= REQUIRED WORK =
Return the records word for word. Any pictures in them are not part of the copy.

= AVAILABLE DATA =
■ ■ ■
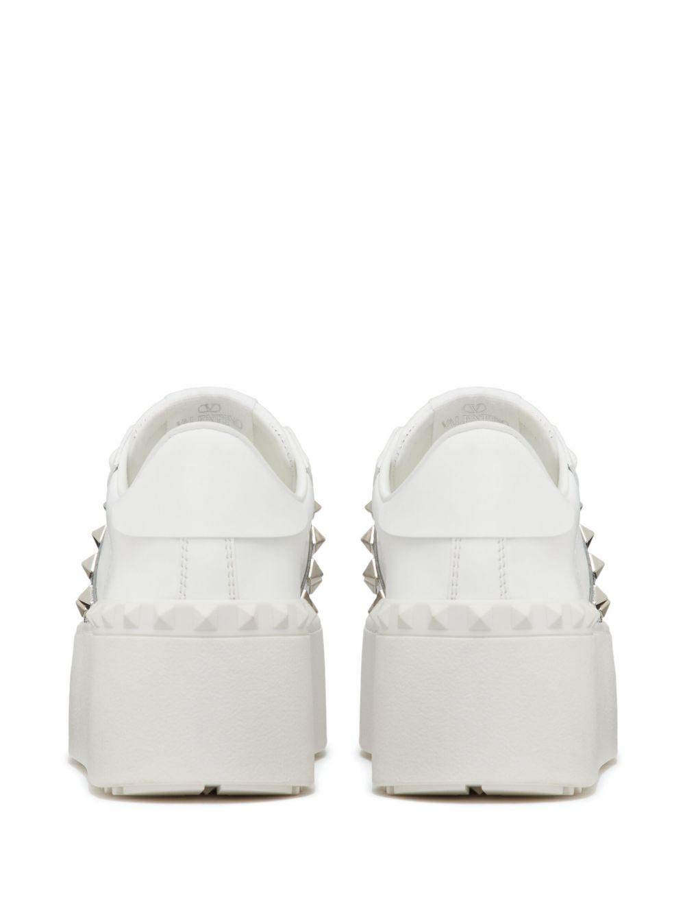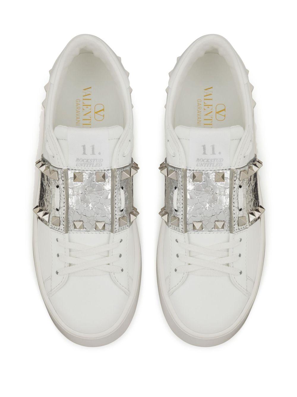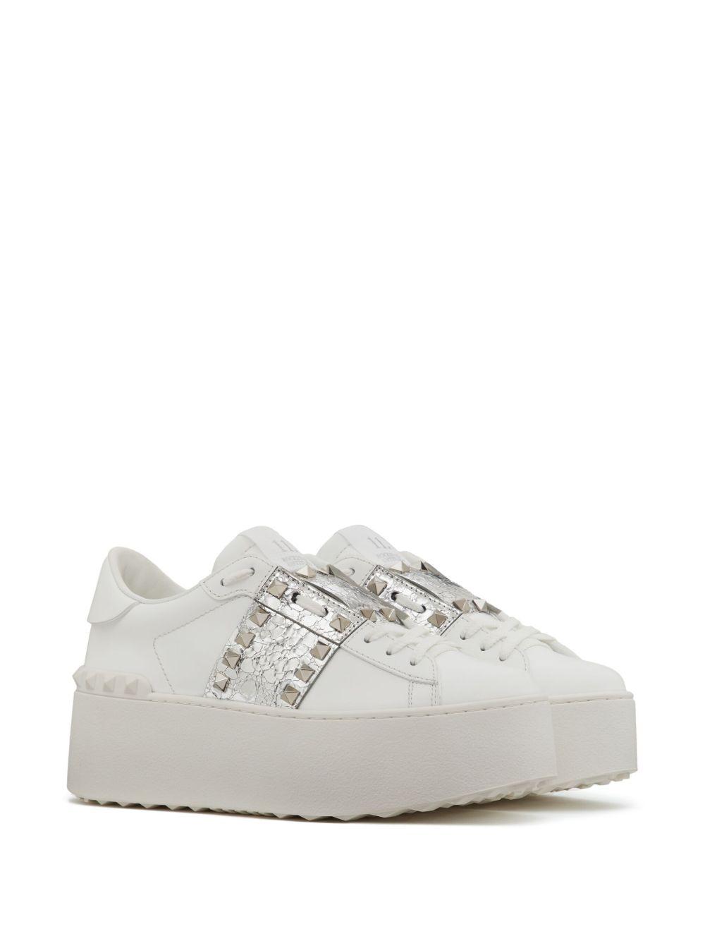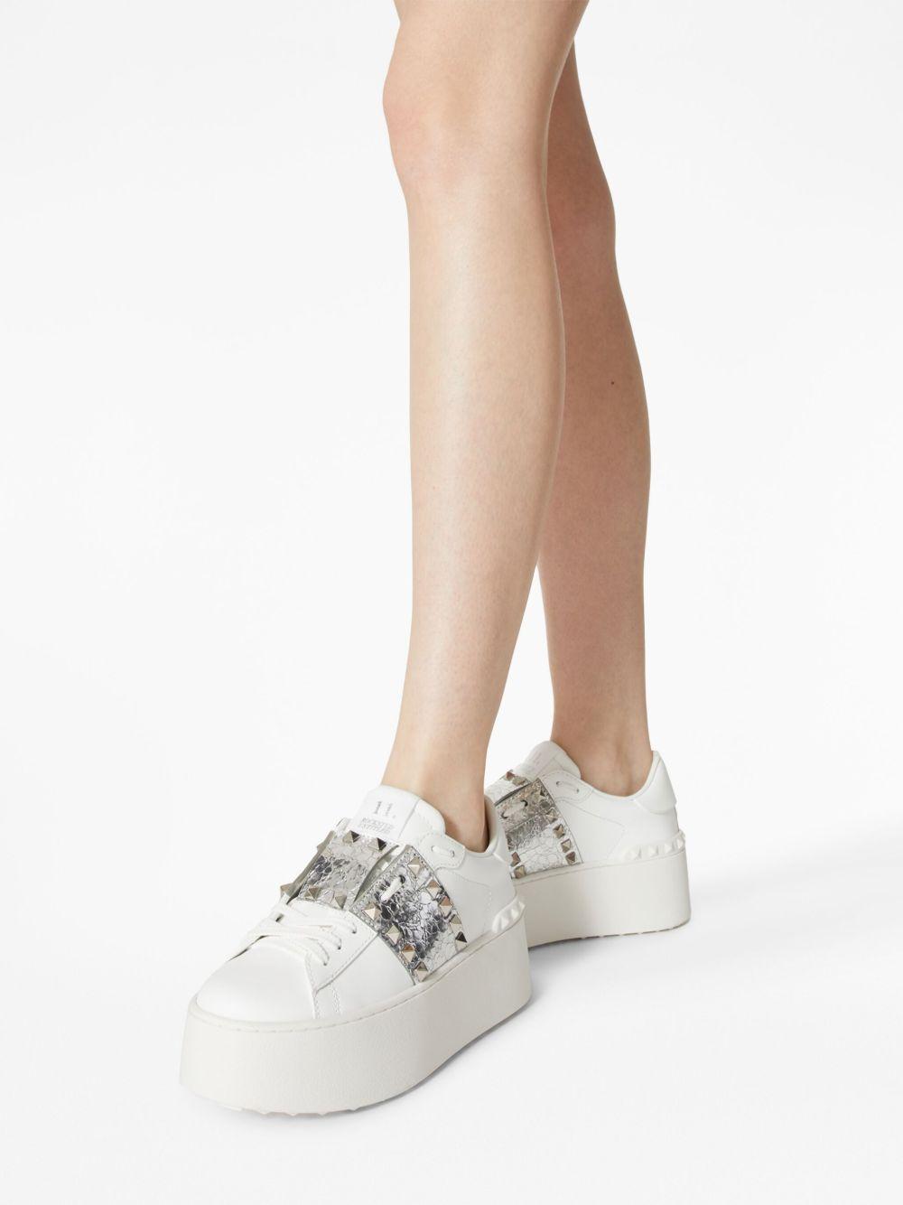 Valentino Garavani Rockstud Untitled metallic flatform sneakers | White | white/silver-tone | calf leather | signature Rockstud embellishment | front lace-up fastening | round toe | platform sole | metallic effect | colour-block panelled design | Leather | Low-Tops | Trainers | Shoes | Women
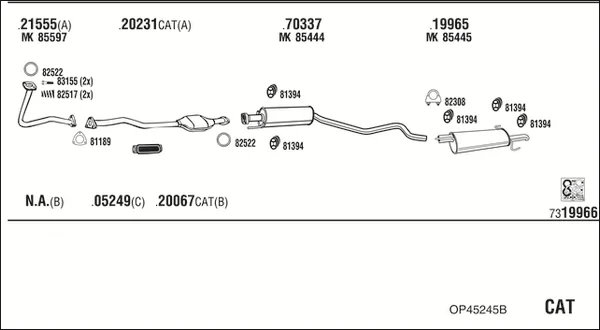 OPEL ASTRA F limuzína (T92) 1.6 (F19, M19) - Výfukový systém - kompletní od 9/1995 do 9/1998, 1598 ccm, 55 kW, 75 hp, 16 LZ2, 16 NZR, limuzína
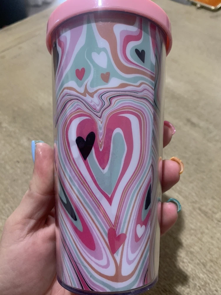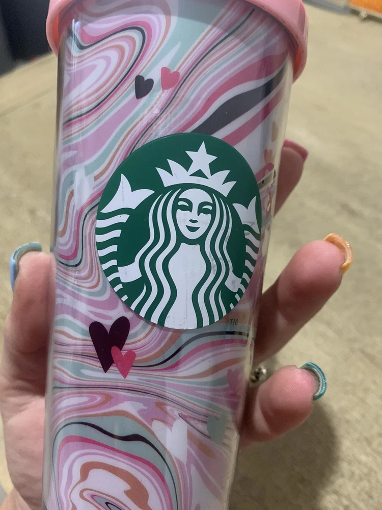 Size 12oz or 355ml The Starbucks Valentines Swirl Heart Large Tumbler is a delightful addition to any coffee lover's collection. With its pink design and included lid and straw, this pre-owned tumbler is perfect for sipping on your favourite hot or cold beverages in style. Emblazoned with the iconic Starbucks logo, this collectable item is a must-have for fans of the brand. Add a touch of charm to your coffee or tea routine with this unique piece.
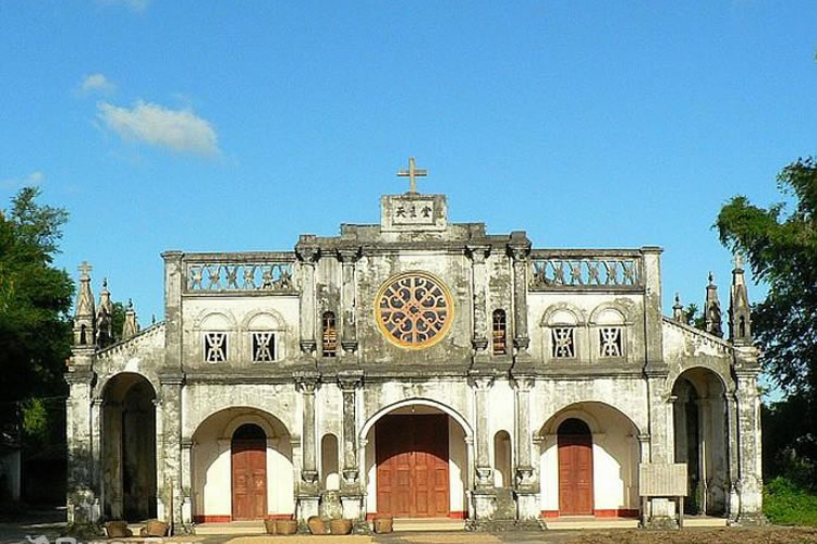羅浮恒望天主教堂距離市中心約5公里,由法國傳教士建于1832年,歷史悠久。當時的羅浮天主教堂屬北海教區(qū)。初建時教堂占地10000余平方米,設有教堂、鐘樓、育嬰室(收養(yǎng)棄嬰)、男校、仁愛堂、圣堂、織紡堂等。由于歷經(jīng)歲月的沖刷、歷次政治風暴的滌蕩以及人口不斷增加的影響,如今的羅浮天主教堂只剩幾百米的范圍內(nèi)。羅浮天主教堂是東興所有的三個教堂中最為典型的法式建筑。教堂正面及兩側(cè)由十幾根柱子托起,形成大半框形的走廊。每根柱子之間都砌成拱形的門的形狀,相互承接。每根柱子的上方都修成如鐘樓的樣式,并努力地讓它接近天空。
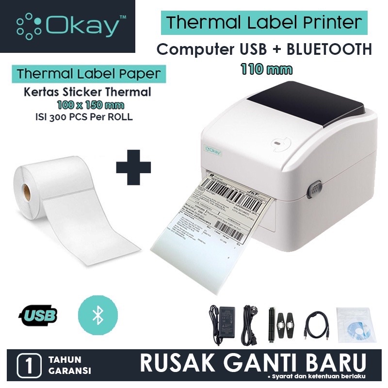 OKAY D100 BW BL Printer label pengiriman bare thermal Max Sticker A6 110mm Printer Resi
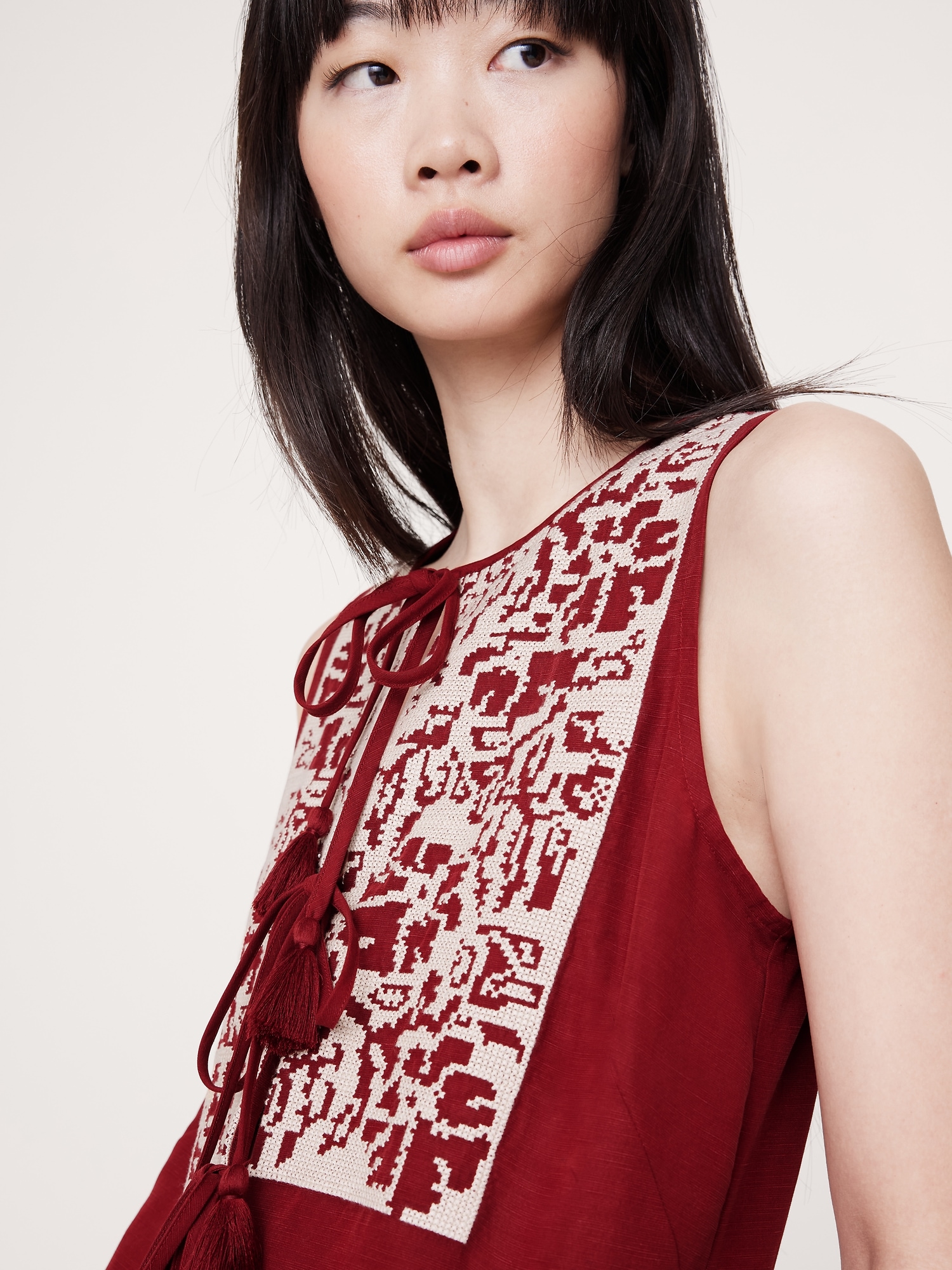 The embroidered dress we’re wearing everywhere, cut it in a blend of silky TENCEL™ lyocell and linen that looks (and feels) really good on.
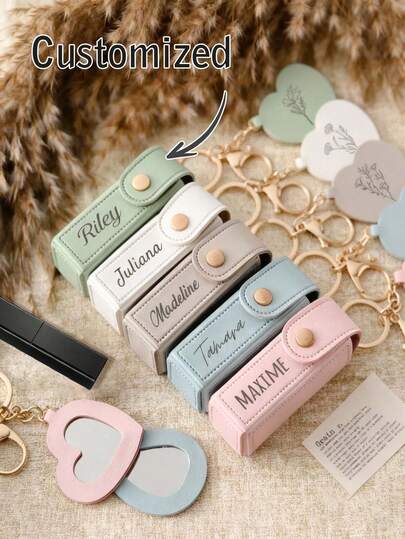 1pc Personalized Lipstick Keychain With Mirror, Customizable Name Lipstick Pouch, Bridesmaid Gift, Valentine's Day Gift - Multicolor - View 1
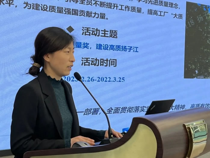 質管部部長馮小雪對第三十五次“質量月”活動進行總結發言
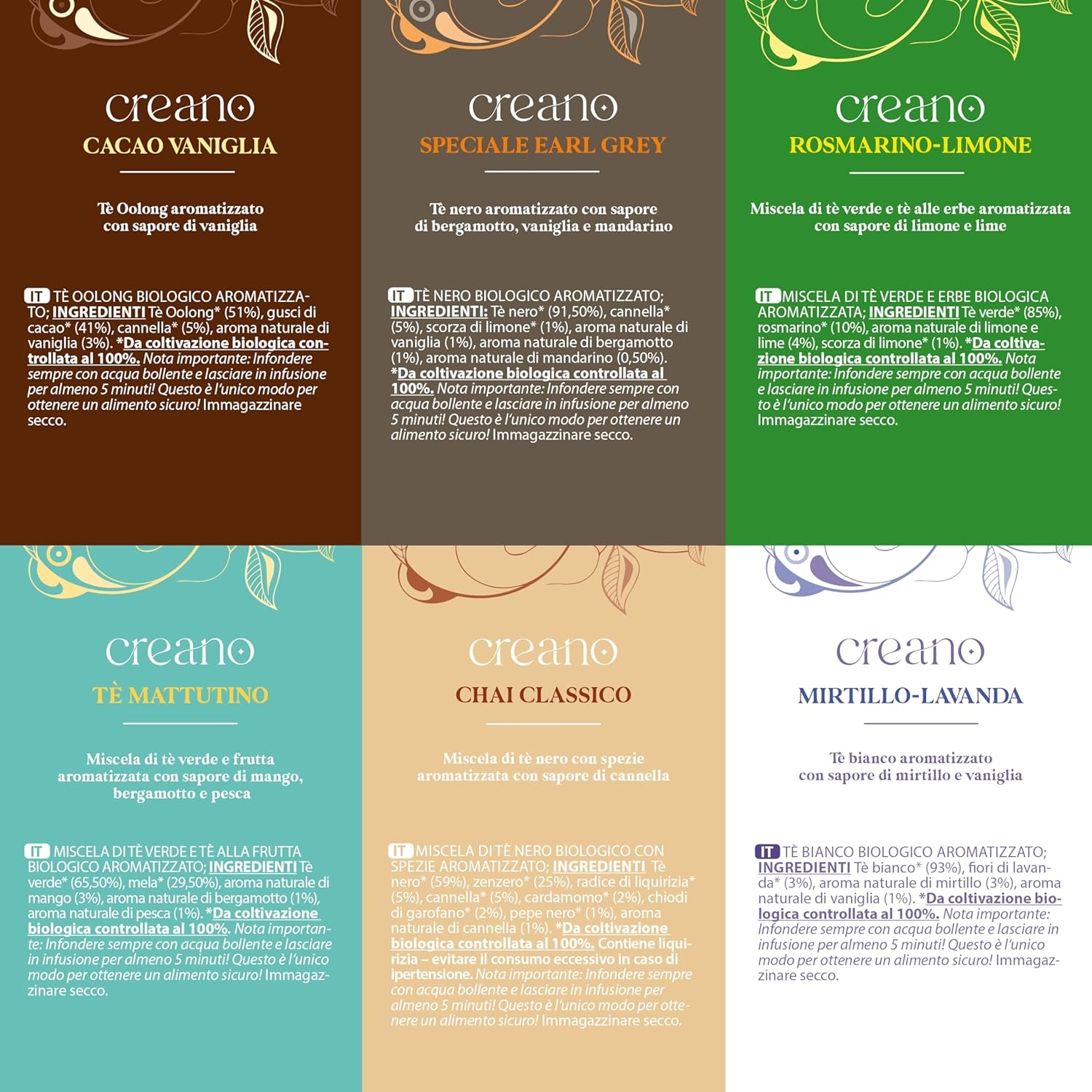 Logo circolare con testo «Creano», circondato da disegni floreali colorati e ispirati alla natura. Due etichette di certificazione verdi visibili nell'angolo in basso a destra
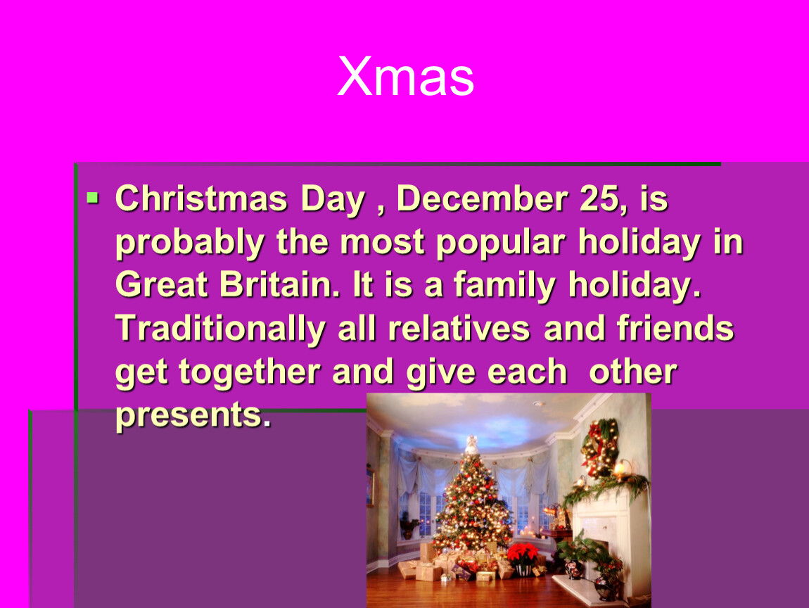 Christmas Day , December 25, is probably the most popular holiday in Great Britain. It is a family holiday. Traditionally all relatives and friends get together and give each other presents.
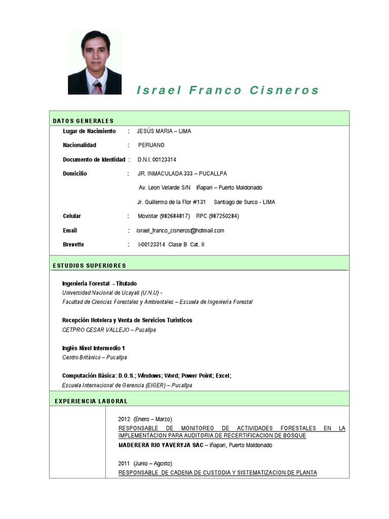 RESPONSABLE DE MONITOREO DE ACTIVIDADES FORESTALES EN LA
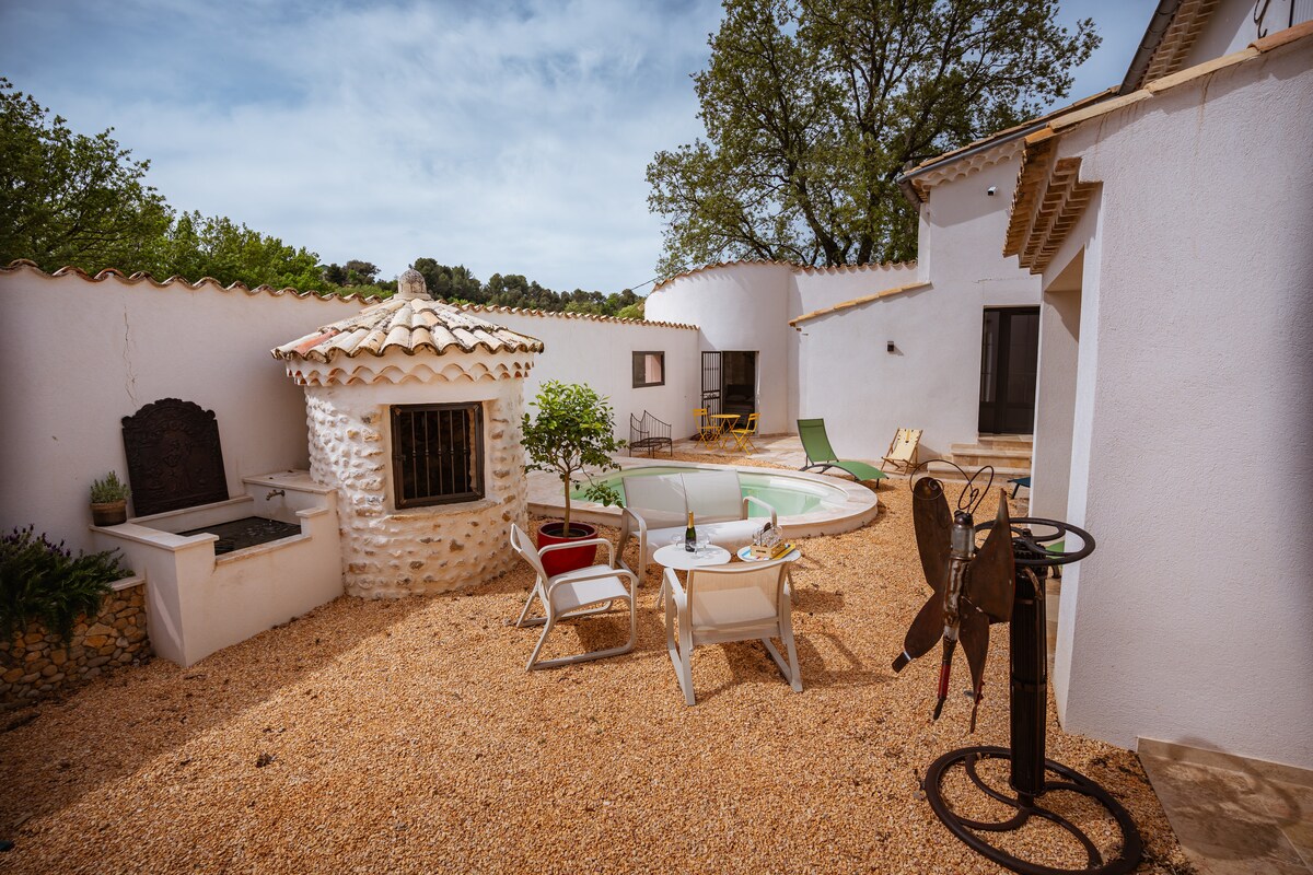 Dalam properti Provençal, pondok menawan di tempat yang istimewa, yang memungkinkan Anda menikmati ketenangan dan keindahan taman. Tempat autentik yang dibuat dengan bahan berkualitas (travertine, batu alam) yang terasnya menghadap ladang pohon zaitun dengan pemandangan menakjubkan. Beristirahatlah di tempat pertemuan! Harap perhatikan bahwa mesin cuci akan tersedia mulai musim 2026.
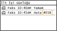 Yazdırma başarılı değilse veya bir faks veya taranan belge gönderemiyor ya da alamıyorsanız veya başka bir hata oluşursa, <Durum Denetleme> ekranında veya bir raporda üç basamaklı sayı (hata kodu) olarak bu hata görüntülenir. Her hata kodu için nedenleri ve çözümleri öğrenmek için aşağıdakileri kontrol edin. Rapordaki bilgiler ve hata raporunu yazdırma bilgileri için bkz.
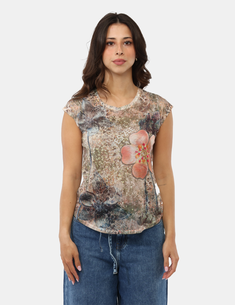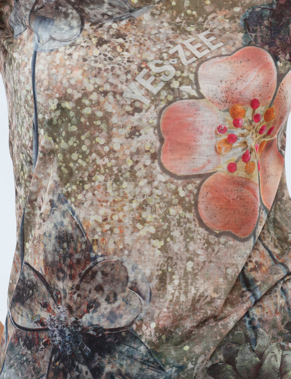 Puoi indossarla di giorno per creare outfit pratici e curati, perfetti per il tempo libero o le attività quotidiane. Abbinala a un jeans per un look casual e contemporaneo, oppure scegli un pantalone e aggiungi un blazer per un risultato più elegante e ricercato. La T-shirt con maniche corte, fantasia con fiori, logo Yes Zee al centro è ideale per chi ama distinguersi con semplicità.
■ ■ ■
= SOLUTION TO THIS PROBLEM =
 Valentino Garavani Rockstud Untitled metallic flatform sneakers | White | white/silver-tone | calf leather | signature Rockstud embellishment | front lace-up fastening | round toe | platform sole | metallic effect | colour-block panelled design | Leather | Low-Tops | Trainers | Shoes | Women
 OPEL ASTRA F limuzína (T92) 1.6 (F19, M19) - Výfukový systém - kompletní od 9/1995 do 9/1998, 1598 ccm, 55 kW, 75 hp, 16 LZ2, 16 NZR, limuzína
 Size 12oz or 355ml The Starbucks Valentines Swirl Heart Large Tumbler is a delightful addition to any coffee lover's collection. With its pink design and included lid and straw, this pre-owned tumbler is perfect for sipping on your favourite hot or cold beverages in style. Emblazoned with the iconic Starbucks logo, this collectable item is a must-have for fans of the brand. Add a touch of charm to your coffee or tea routine with this unique piece.
羅浮恒望天主教堂距離市中心約5公里,由法國傳教士建于1832年,歷史悠久。當時的羅浮天主教堂屬北海教區(qū)。初建時教堂占地10000余平方米,設有教堂、鐘樓、育嬰室(收養(yǎng)棄嬰)、男校、仁愛堂、圣堂、織紡堂等。由于歷經(jīng)歲月的沖刷、歷次政治風暴的滌蕩以及人口不斷增加的影響,如今的羅浮天主教堂只剩幾百米的范圍內(nèi)。羅浮天主教堂是東興所有的三個教堂中最為典型的法式建筑。教堂正面及兩側(cè)由十幾根柱子托起,形成大半框形的走廊。每根柱子之間都砌成拱形的門的形狀,相互承接。每根柱子的上方都修成如鐘樓的樣式,并努力地讓它接近天空。
 OKAY D100 BW BL Printer label pengiriman bare thermal Max Sticker A6 110mm Printer Resi
 The embroidered dress we’re wearing everywhere, cut it in a blend of silky TENCEL™ lyocell and linen that looks (and feels) really good on.
 1pc Personalized Lipstick Keychain With Mirror, Customizable Name Lipstick Pouch, Bridesmaid Gift, Valentine's Day Gift - Multicolor - View 1
 質管部部長馮小雪對第三十五次“質量月”活動進行總結發言
 Logo circolare con testo «Creano», circondato da disegni floreali colorati e ispirati alla natura. Due etichette di certificazione verdi visibili nell'angolo in basso a destra
 Christmas Day , December 25, is probably the most popular holiday in Great Britain. It is a family holiday. Traditionally all relatives and friends get together and give each other presents.
 RESPONSABLE DE MONITOREO DE ACTIVIDADES FORESTALES EN LA
 Dalam properti Provençal, pondok menawan di tempat yang istimewa, yang memungkinkan Anda menikmati ketenangan dan keindahan taman. Tempat autentik yang dibuat dengan bahan berkualitas (travertine, batu alam) yang terasnya menghadap ladang pohon zaitun dengan pemandangan menakjubkan. Beristirahatlah di tempat pertemuan! Harap perhatikan bahwa mesin cuci akan tersedia mulai musim 2026.
 Yazdırma başarılı değilse veya bir faks veya taranan belge gönderemiyor ya da alamıyorsanız veya başka bir hata oluşursa, <Durum Denetleme> ekranında veya bir raporda üç basamaklı sayı (hata kodu) olarak bu hata görüntülenir. Her hata kodu için nedenleri ve çözümleri öğrenmek için aşağıdakileri kontrol edin. Rapordaki bilgiler ve hata raporunu yazdırma bilgileri için bkz.
 Puoi indossarla di giorno per creare outfit pratici e curati, perfetti per il tempo libero o le attività quotidiane. Abbinala a un jeans per un look casual e contemporaneo, oppure scegli un pantalone e aggiungi un blazer per un risultato più elegante e ricercato. La T-shirt con maniche corte, fantasia con fiori, logo Yes Zee al centro è ideale per chi ama distinguersi con semplicità.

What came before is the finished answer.